#### Dataset content
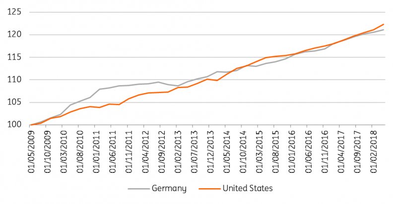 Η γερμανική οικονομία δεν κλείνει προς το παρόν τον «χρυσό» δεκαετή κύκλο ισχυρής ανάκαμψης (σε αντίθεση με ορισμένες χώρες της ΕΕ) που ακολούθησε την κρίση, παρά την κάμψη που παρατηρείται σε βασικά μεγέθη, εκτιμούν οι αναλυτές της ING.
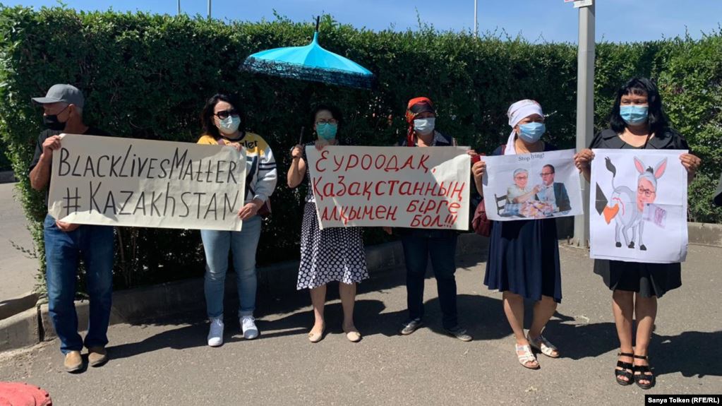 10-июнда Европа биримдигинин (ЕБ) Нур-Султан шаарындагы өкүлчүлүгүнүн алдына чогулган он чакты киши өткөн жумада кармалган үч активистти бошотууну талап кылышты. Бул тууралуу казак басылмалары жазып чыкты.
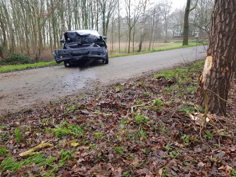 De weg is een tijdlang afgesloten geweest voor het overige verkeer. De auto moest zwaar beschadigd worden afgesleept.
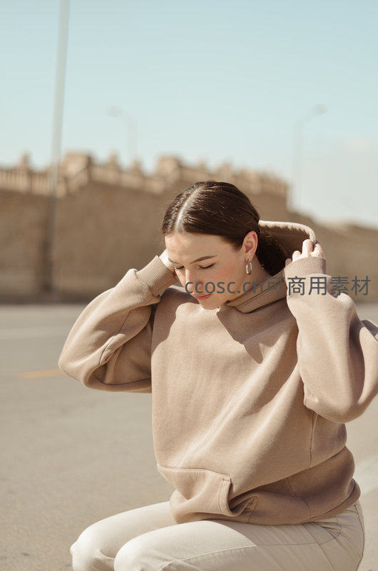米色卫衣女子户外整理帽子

#### What you are asked to do
A word-for-word repeat is expected of the lines from the one with "10-июнда Европа биримдигинин" to the end of the data, both included; pictures are not part of it.

#### Completed exercise
 10-июнда Европа биримдигинин (ЕБ) Нур-Султан шаарындагы өкүлчүлүгүнүн алдына чогулган он чакты киши өткөн жумада кармалган үч активистти бошотууну талап кылышты. Бул тууралуу казак басылмалары жазып чыкты.
 De weg is een tijdlang afgesloten geweest voor het overige verkeer. De auto moest zwaar beschadigd worden afgesleept.
米色卫衣女子户外整理帽子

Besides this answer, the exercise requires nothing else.